Friday, January 3, 2014

Empty Air

 

I am not one much for filling air with words, not a fan of speaking of what I am going to do, in fact I am a fan of reporting the facts, ma’am and only they.

I am however, also in favor of creating visions, of sometimes using words to put a picture where nothing yet exists except empty air.

And then I build to make it real. That is the proper use of magick as I know it.

Before I tell you where I am heading off to, let me give you an idea of what I am seeing in the rearview.

This time last year, I am riddled with terror that I might not be able to make the transition from self employed horse gypsy to corporate team player. I am filled with anxiety that even if I make the decision to try harder than I have ever tried in my life, save for one thing, I won’t be good enough to make the cut. Stress over where the money comes from in that case as one thing I know for sure, the horse business, for me, is over. 100 %.

I am not a fan of 100% either but there it is.

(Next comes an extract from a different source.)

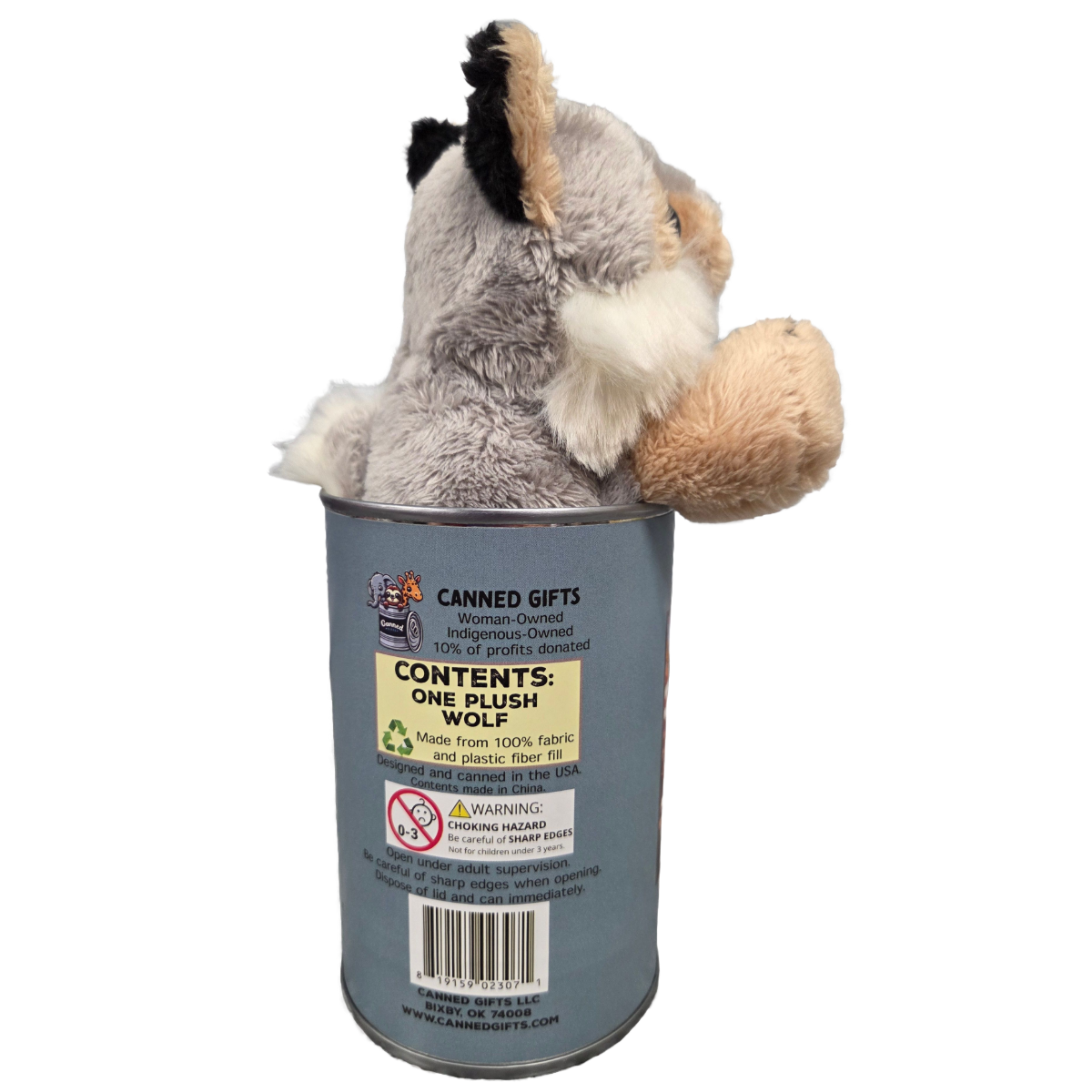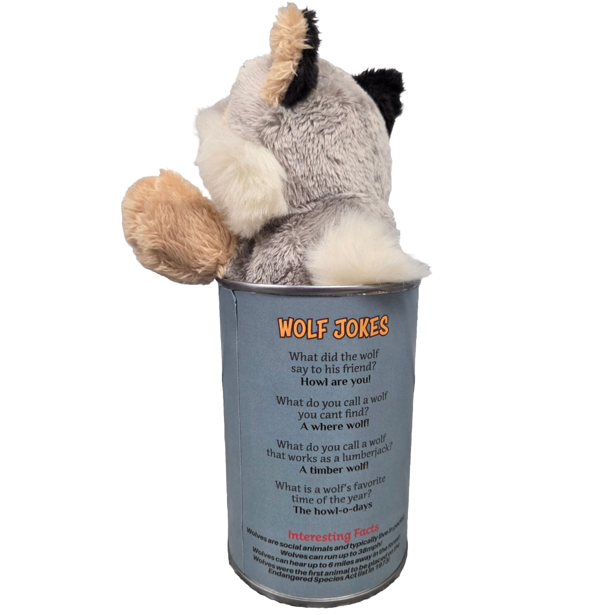 • Wolf plush sealed in a can. Your choice of lid style: standard, pop or foil.

I stand straddling two life styles, both full time endeavors and there is not enough of me to go around but it works out. I get the job. I am successful in gaining the right to keep my chair. Might not mean much to some but it’s enormous to me. I honor my commitments to the ranch and no matter how exhausted I become, I suit up, show up and do my best everywhere I can.

I have a friend who is fond of saying Big Changes in reference to our rides with Mr. Peter Campbell. Those changes showed up for me in the middle of a thing and helped me make this transformation into something other, more solid, reliable, of a different weight.

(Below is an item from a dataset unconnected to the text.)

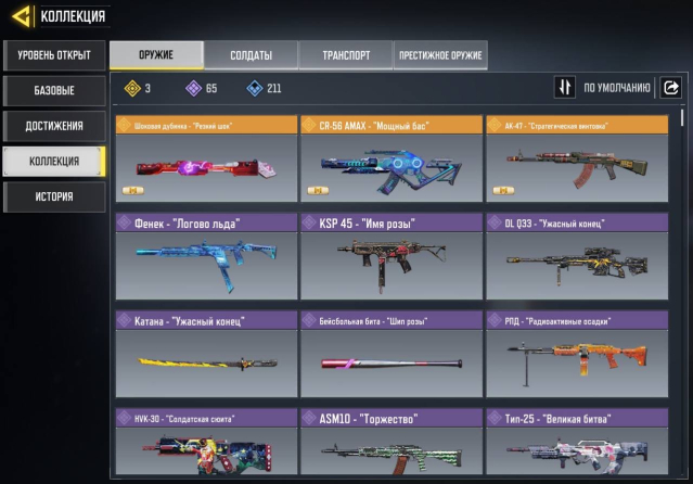 🍊 ОРУЖИЕ: 3 ЛЕГЕНДАРНЫХ; 65 ЭПИК, 211 РЕДКИЙ
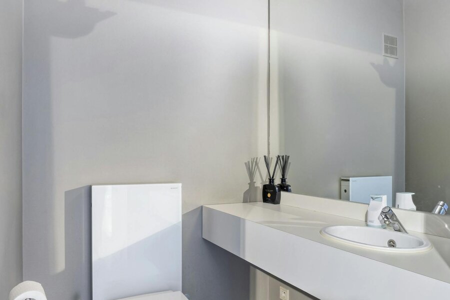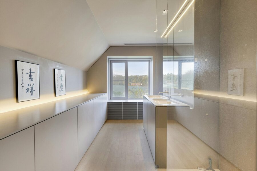 On the first floor, we find 2 bedrooms, both with an en-suite bathroom with walk-in shower and dressing. In addition to the house, we also find a garden house that can be used as a hobby room; in the garden, we also find a pond and an extra garden house.

And now I am taking them back to the horse. This is what I see for next year. The job fears are as allayed as any such can be. I have given notice at the ranch that my Saturdays will not be spent leading the trail rides so this year it’s time for . . .

The grass glows with lush late Spring warmth, it’s warm green aroma wafts up to me as my horse contentedly munches a few bites before we take up again our work, our play.  Sun warms my face and shoulders and I smile at the friends who showed up to ride with me.

I put out a call for riders who want to come help me and my horse with our trail issues and get some help for themselves in the process. I don’t care what gear they come in though I can’t say I won’t shake my head a little at shank bits on bracey horses who might have to rear a little to escape pressure they don’t know what to do with, and I might want some to be a little handier with their tools, til I look down and realize it’s my own handiness I need to focus on and let other’s knitting remain their own.

We play leap frog, allowing horses that are a little more defensive than others plenty of room while they gain trust in their rider’s abilities to guide them and keep them safe from harm. I keep Royal’s worried feet moving and he doesn’t know if we are moving ahead, weaving through or going back down the line in the direction from which we come.

I focus on the lightness of my seat and hands, doing just enough but not too much to guide my pony. His excitement turns to cooperation, we think about our next move before we are there, it happens and we are on to the next, so smooth.  My friends are having fun too, and so are the strangers that showed up out of nowhere and wanted to join in and play. Now they are friends too.

We do this all summer long, meeting at Cunningham Lake, Branched Oak, Waubonsie, road riding with Christine in the wilds of almost and sometimes Missouri and anywhere and everywhere. We don’t always work, in fact as time goes by, the need for it lessens with every ride. Royal can stand the sight of horses disappearing over the horizon without him.

My thoughts begin to turn to our first Competitive Trail Ride . . . in the distance . . . The season is bookended riding with Peter in May and then again in September. My horse and I can be where we are and grow together into the partnership of my dreams.

This is the beginning, where it starts. Icy winter night. Trailer half paid for, pony with his happy face buried in a hay bale miles away. The vision is in place. Who’s coming along?

2 comments:

Shoofly said...

Well, I'm coming along to CTR! Not the same CTR you will attend, but I swear I am going to do one this year. I hope your journey with Royal is a good one.

Good Hands said...

We will cyber ride together Sheila! I am hoping this year is a good one for us as well

This was a super rough draft, little to no editing . . . Rereading, kind of wish I had taken more time with it, but that was not the nature of the beast that it was.